Creation of a CSV Reference File from the XML Metadata Files
- Using the “csv_creation” notebook, we turned the XML files in the “jstor_data/metadata” directory into one CSV file saved in the main directory, called “articles_raw.csv”.
- We then used the “csv_prep” notebook to remove miscellaneous articles and infer the authors’ genders. The output of this notebook is called “articles_gender.csv”.
Author Gender Analysis
Unigram Analysis
The purpose of this analysis is to track the most popular significant words, by year, that appear in book reviews and research articles in AJS Review.
For the unigram analysis, the first step was to separate the unigram files according to the type of article they summarize. This meant that book review unigram files were sorted into one directory and research article unigrams files into another. This was accomplished with the “data_separator” notebook. Please refer to the notebook for more details on this process.
A second notebook, “data_cleaning”, was used to read all of the unigrams in each category (book review or research article), strip numbers that are not dates, filter out the stopwords provided by the NLTK package and our own file of stopwords.txt, and sort unigrams by frequency. We ran the notebook, manually examined the output, identified additional stopwords that we then added to the “custom_stopwords.txt” file, and repeated until we had a stopword list that we thought did a good job of filtering the noise from our data.
To visualize the unigrams with sparklines, we used the “sparklines” notebook. Given an article type, time period, bin size, and the number of words to use, it creates a sparkline visualization showing the changes in unigram frequency. The visualization is quite simple and is created with matplotlib, which allows for extensive customization of the visualization.

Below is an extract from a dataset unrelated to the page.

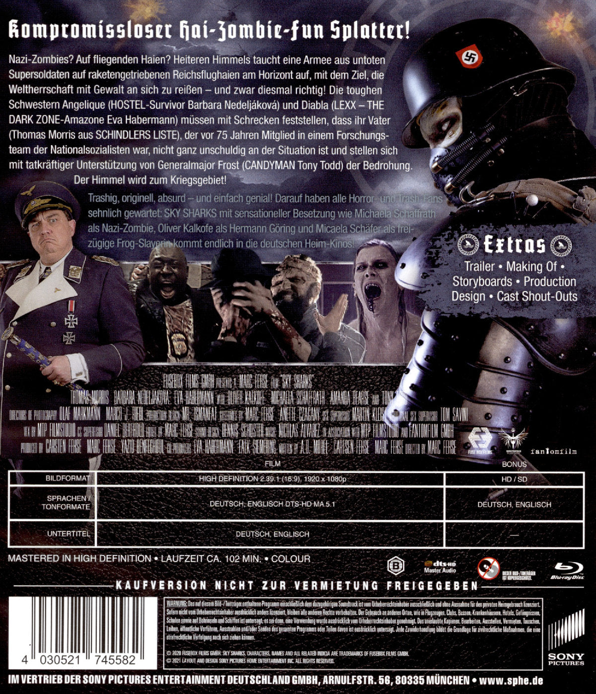Trashig, originell, absurd - und einfach genial! Darauf haben alle Horror- und Trash-Fans sehnlich gewartet: SKY SHARKS mit sensationeller Besetzung wie Michaela Schaffrath als Nazi-Zombie, Oliver Kalkofe als Hermann Göring und Micaela Schäfer als freizügige Frog-Slayerin kommt endlich in die deutschen Heim-Kinos!

These visualizations can be seen here.
Topic Modeling
Citation Web
Citation analyses are relatively easy to produce from websites devoted to journals in the sciences but much trickier for the kind of data found in DfR. Our approach has been to extract the names of authors of articles and authors of the works that they cite from the DfR metadata; clean that list (it needed a lot of cleaning!) and assign unique ids to each author (and the same id to authors whose name appears with different spellings in the metadata); and then to use that list to search the metadata in order to compile a list, by id, of vertices – that is, who is citing whom. We used these two lists – one of the author and id and the other of the connections between them – to visualize the network in NetworkX (for the static image) and Gephi (for the dynamic one). We then exported the dynamic network in a sigma.js template, which we then rendered in our WordPress site.
We had hoped to use the structured metadata for compiling the author lists, but we discovered that these fields were incomplete and often ambiguous. All of our extractions were thus done on the field <mixed-citation>, bypassing the structured data completely.